==== INFORMATION SUPPLIED
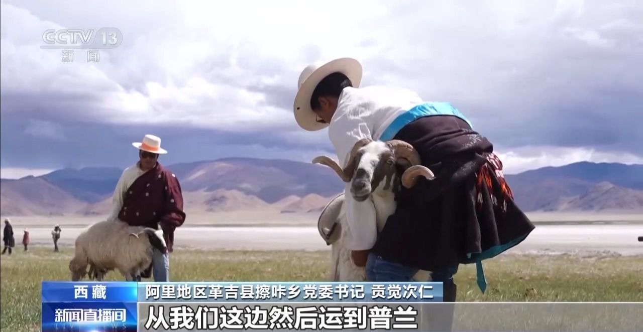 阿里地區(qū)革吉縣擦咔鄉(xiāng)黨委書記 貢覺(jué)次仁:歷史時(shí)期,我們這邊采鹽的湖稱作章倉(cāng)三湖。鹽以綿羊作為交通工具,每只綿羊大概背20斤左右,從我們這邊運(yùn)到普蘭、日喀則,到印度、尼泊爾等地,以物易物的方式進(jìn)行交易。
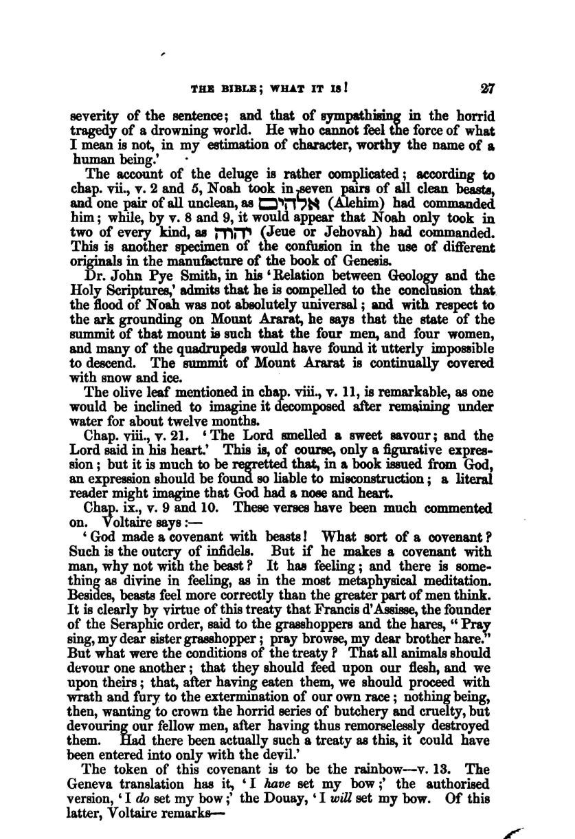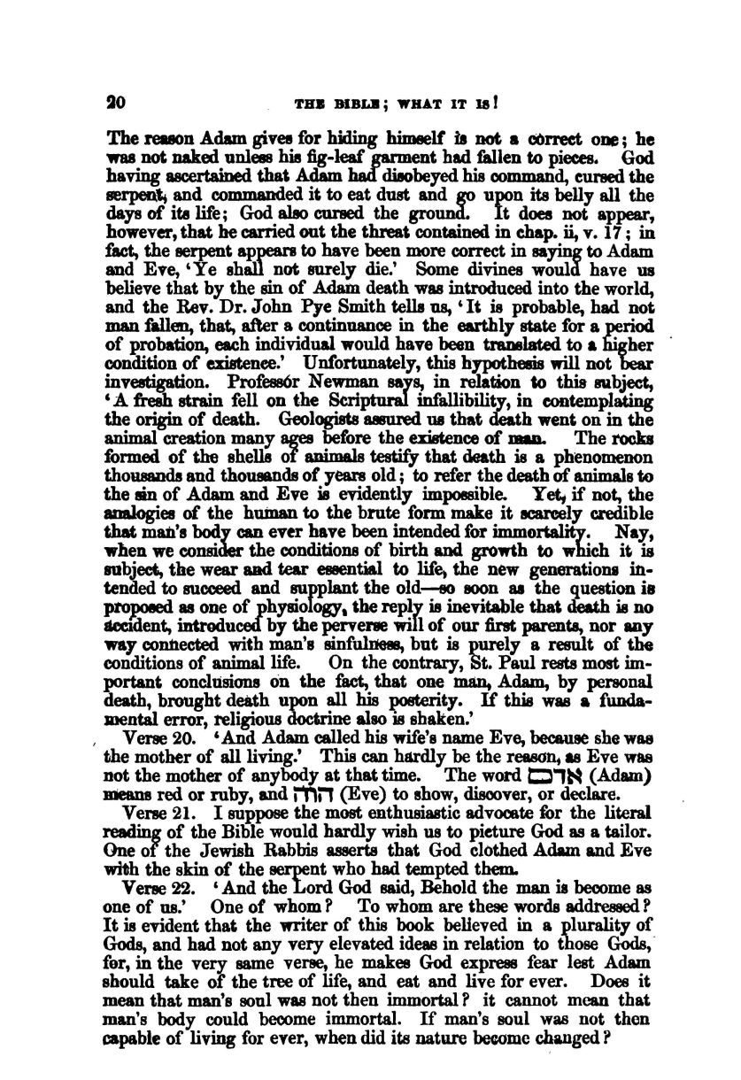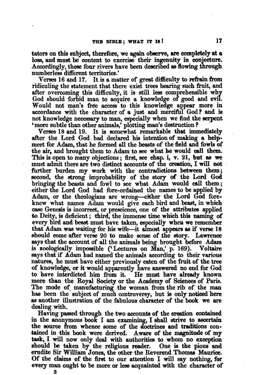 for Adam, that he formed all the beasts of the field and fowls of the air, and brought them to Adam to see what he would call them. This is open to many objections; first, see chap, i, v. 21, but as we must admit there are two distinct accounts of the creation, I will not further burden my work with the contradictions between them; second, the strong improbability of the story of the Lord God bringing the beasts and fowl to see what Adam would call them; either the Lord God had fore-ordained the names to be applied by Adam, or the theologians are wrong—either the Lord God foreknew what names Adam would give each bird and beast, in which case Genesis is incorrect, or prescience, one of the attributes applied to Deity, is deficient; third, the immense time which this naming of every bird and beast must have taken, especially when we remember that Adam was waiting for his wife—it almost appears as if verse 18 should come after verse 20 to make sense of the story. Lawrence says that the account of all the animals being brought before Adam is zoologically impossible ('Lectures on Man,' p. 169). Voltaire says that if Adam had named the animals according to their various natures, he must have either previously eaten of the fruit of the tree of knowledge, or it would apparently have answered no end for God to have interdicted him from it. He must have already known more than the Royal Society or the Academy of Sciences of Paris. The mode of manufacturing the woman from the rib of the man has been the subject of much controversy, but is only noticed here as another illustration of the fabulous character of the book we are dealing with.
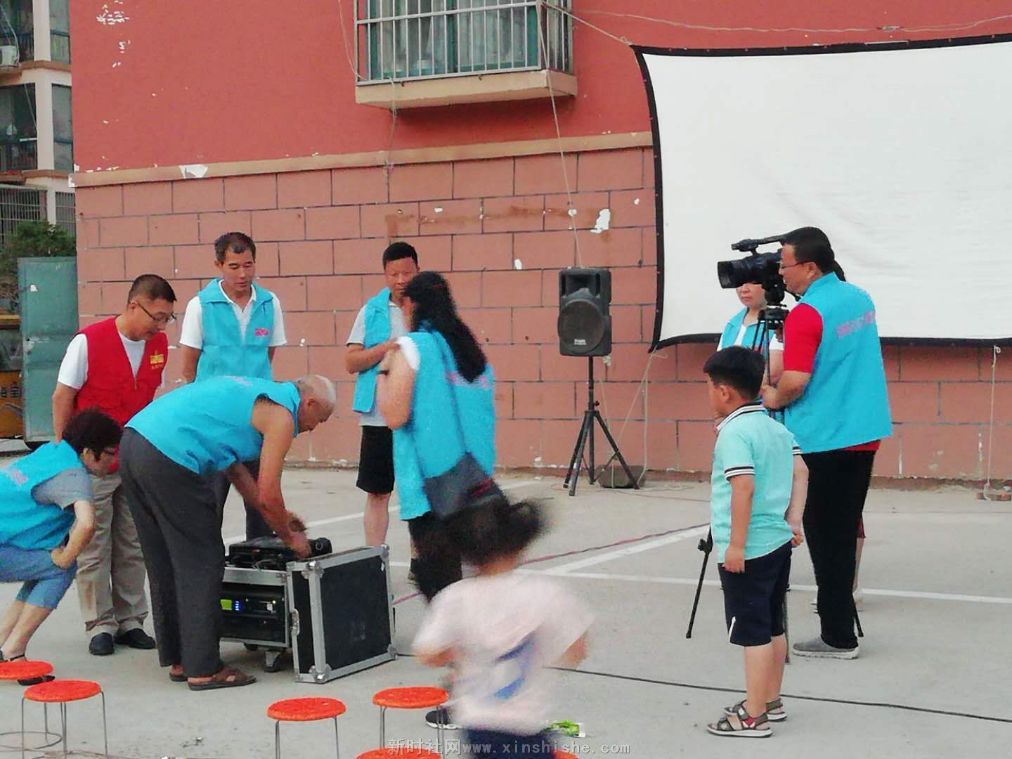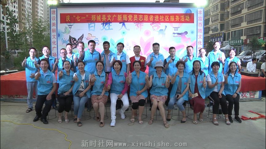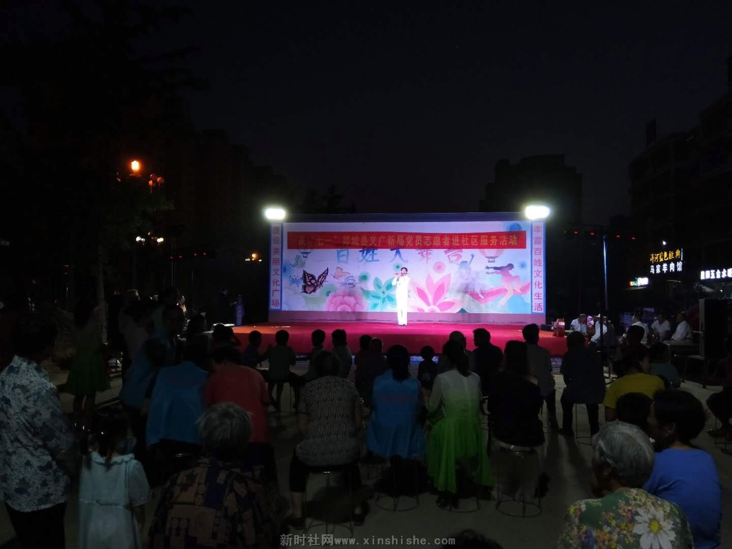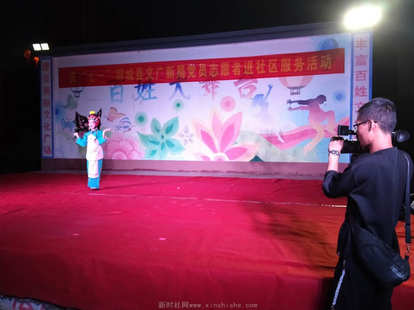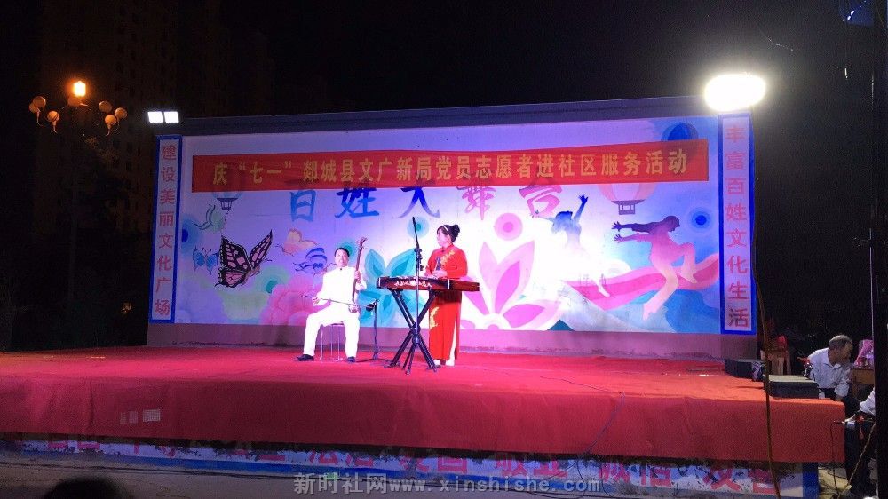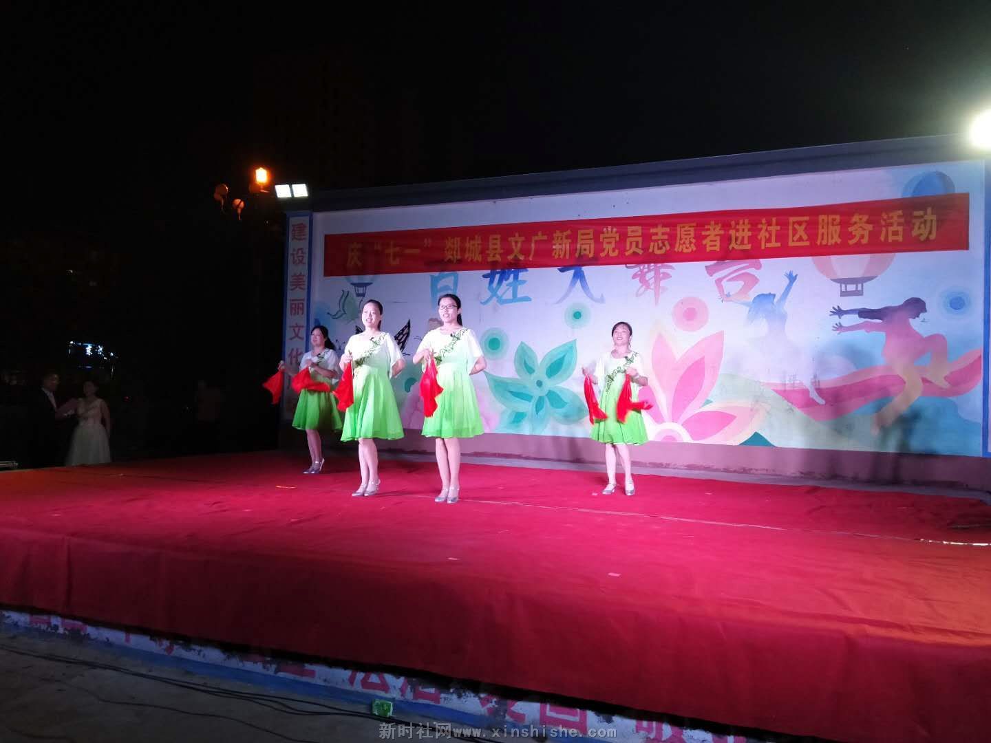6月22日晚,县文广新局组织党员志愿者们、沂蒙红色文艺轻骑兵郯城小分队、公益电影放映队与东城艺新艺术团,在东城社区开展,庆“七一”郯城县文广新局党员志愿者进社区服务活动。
========
When you write out the material, keep every line exact and leave out each picture.

* [SOLUTION TO THIS TASK]:
 阿里地區(qū)革吉縣擦咔鄉(xiāng)黨委書記 貢覺(jué)次仁:歷史時(shí)期,我們這邊采鹽的湖稱作章倉(cāng)三湖。鹽以綿羊作為交通工具,每只綿羊大概背20斤左右,從我們這邊運(yùn)到普蘭、日喀則,到印度、尼泊爾等地,以物易物的方式進(jìn)行交易。
 for Adam, that he formed all the beasts of the field and fowls of the air, and brought them to Adam to see what he would call them. This is open to many objections; first, see chap, i, v. 21, but as we must admit there are two distinct accounts of the creation, I will not further burden my work with the contradictions between them; second, the strong improbability of the story of the Lord God bringing the beasts and fowl to see what Adam would call them; either the Lord God had fore-ordained the names to be applied by Adam, or the theologians are wrong—either the Lord God foreknew what names Adam would give each bird and beast, in which case Genesis is incorrect, or prescience, one of the attributes applied to Deity, is deficient; third, the immense time which this naming of every bird and beast must have taken, especially when we remember that Adam was waiting for his wife—it almost appears as if verse 18 should come after verse 20 to make sense of the story. Lawrence says that the account of all the animals being brought before Adam is zoologically impossible ('Lectures on Man,' p. 169). Voltaire says that if Adam had named the animals according to their various natures, he must have either previously eaten of the fruit of the tree of knowledge, or it would apparently have answered no end for God to have interdicted him from it. He must have already known more than the Royal Society or the Academy of Sciences of Paris. The mode of manufacturing the woman from the rib of the man has been the subject of much controversy, but is only noticed here as another illustration of the fabulous character of the book we are dealing with.
6月22日晚,县文广新局组织党员志愿者们、沂蒙红色文艺轻骑兵郯城小分队、公益电影放映队与东城艺新艺术团,在东城社区开展,庆“七一”郯城县文广新局党员志愿者进社区服务活动。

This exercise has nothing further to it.